Sometimes the best ideas are made of cardboard.
That’s the case with Pip and Grow and its cardboard Smitten bassinet box—co-founded by Sarasota’s Lauren Hughey and her friends Amber Kroeker and Kate Compton Barr. The trio just won a National Outstanding Retail Small Business award from SCORE, the national business mentoring nonprofit, as well as a $15,000 investment from Sam’s Club.
Pip and Grow’s “a-ha!” moment came in 2015, when Hughey, who’s a marketer for the digital innovation company atLarge, and her friends were on vacation. Kroeker, a child safety expert, had developed an idea and a prototype for an updated baby bassinet box after participating in several infant death panels and realizing how many mortalities could be prevented. She presented it to the University of Michigan and was awarded a $25,000 innovation grant. Let’s start a company, exclaimed the friends.
Cardboard baby boxes aren’t a new idea. They’ve been a staple in Finland for more than 80 years, where expectant moms receive a box from the government packed with baby clothes and accessories. The idea is that every baby should have the same healthy start in life. The box includes a mattress, so it can be used as a bed. Since then baby boxes have been universally lauded for their simple approach to safe sleep for babies ages 0-6 months.
Cardboard happens to be an ideal surface for infants, who are too young to roll or lift their heads. Since carbon dioxide is heavier than oxygen, it can pool in the nooks and crannies of softer surfaces like couches and bouncy seats, and that can lead to suffocation. Cardboard’s stiff consistency doesn’t allow CO2 pooling to happen. It’s also light, so parents can move the boxes and always have a safe option nearby.

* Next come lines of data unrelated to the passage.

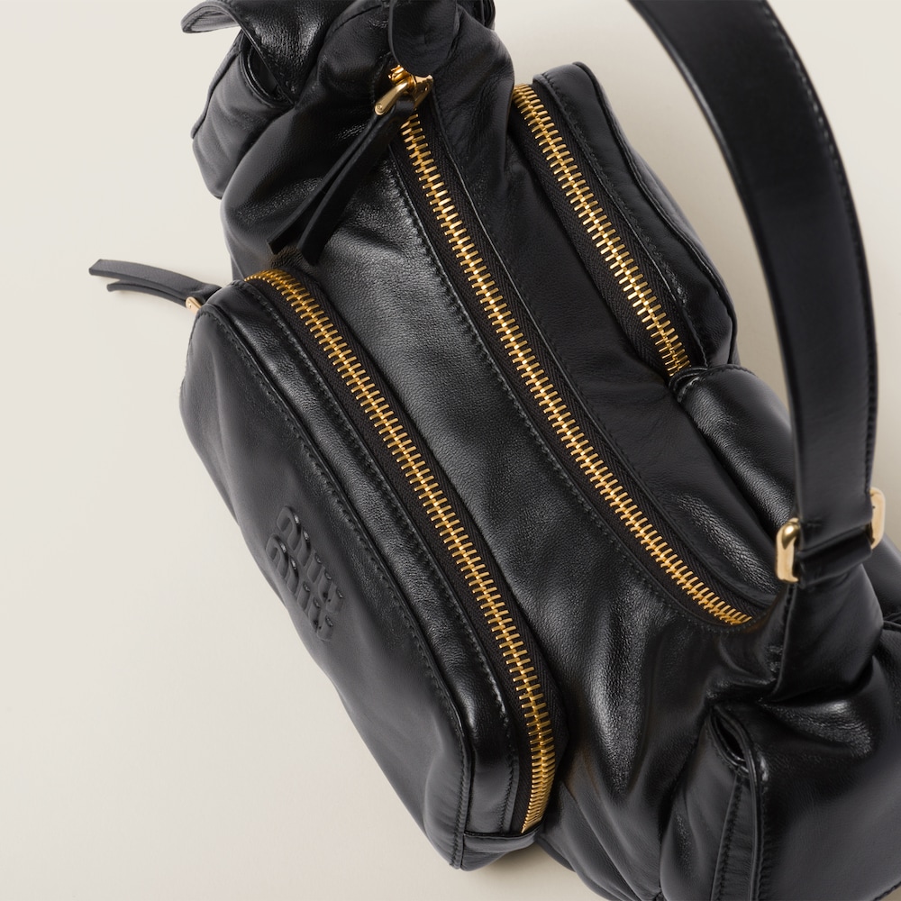 This nappa leather Pocket bag is characterized by an extremely contemporary, cosmopolitan, and captivating design. The multiple pockets border between function and decoration, while the lettering logo adds an iconic and distinctive note. The gold-tone hardware completes the design with shiny touches.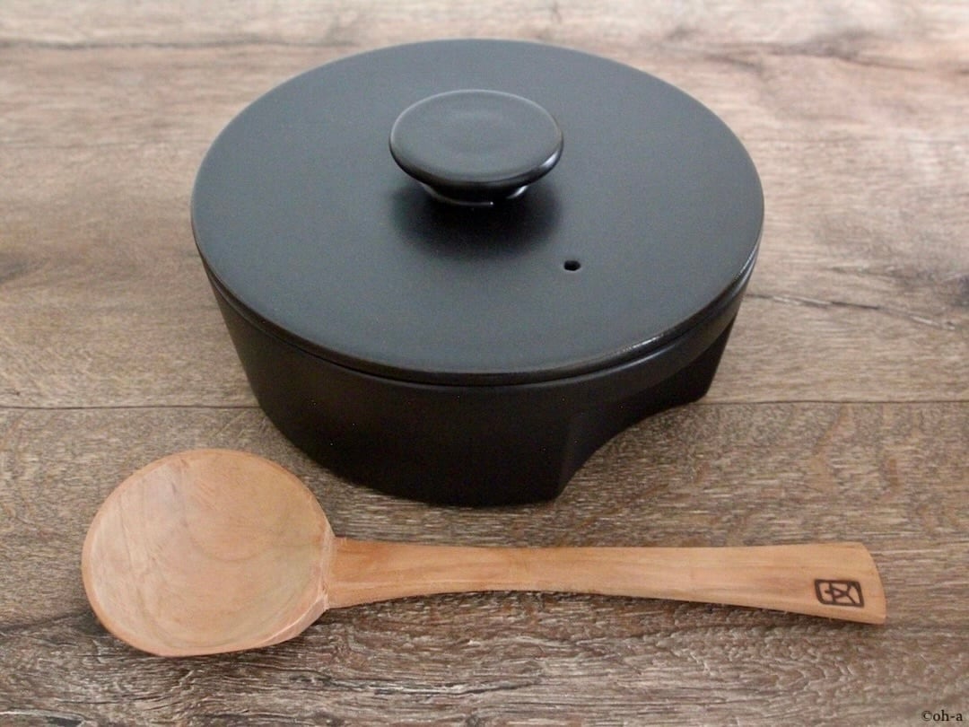 木製という素材の特性もありますが、洋風のお鍋に使っても違和感なく絵になり、土物だけでなく琺瑯や金属製のおを傷つけず、安心して使えるという実用面での有用性も備えています。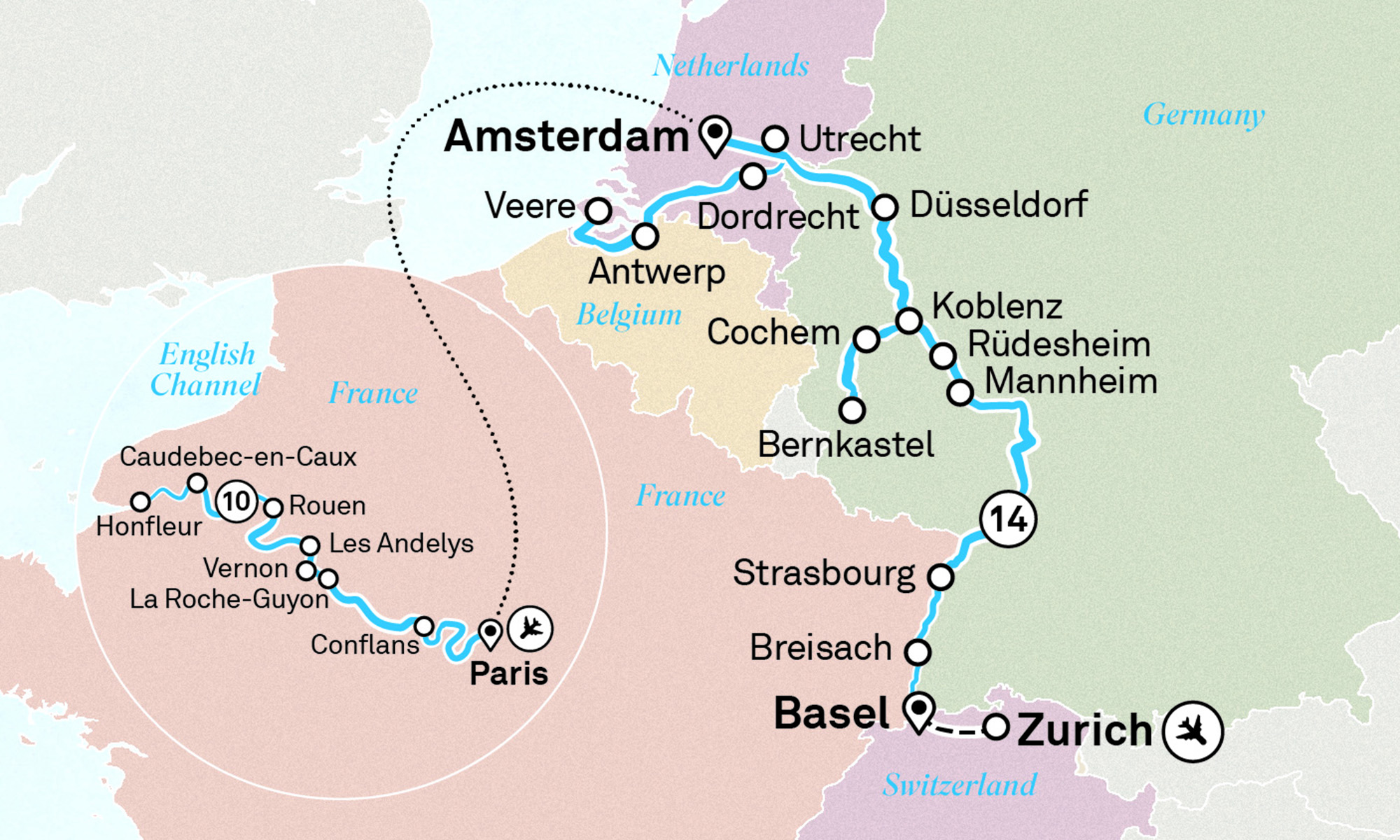 Your cruise concludes this morning in Basel. Enjoy one final breakfast on board, then disembark and transfer to Zurich Airport, taking with you lifelong memories of a remarkable journey across a continent.

Each sleep system, retailing between $60-$70, is made in the U.S. and includes a recycled, two-pound cardboard bassinet, a CertiPUR foam mattress and a 100-percent cotton sheet. The cute designs on the boxes are printed with nontoxic ink, and the boxes are built using Consumer Product Safety Commission bassinet standards and are safety-tested up to 100 pounds. They meet the guidelines set for safe sleep by the American Pediatric Society and are also recyclable. Or you can hang onto them as great toy boxes when your child gets older.
Cardboard boxes may not appeal to every new mom and dad, but they’re an eco-friendly option and they’re blissfully simple. “Parenthood is hard,” Hughey says. “We want to make it as easy as possible.”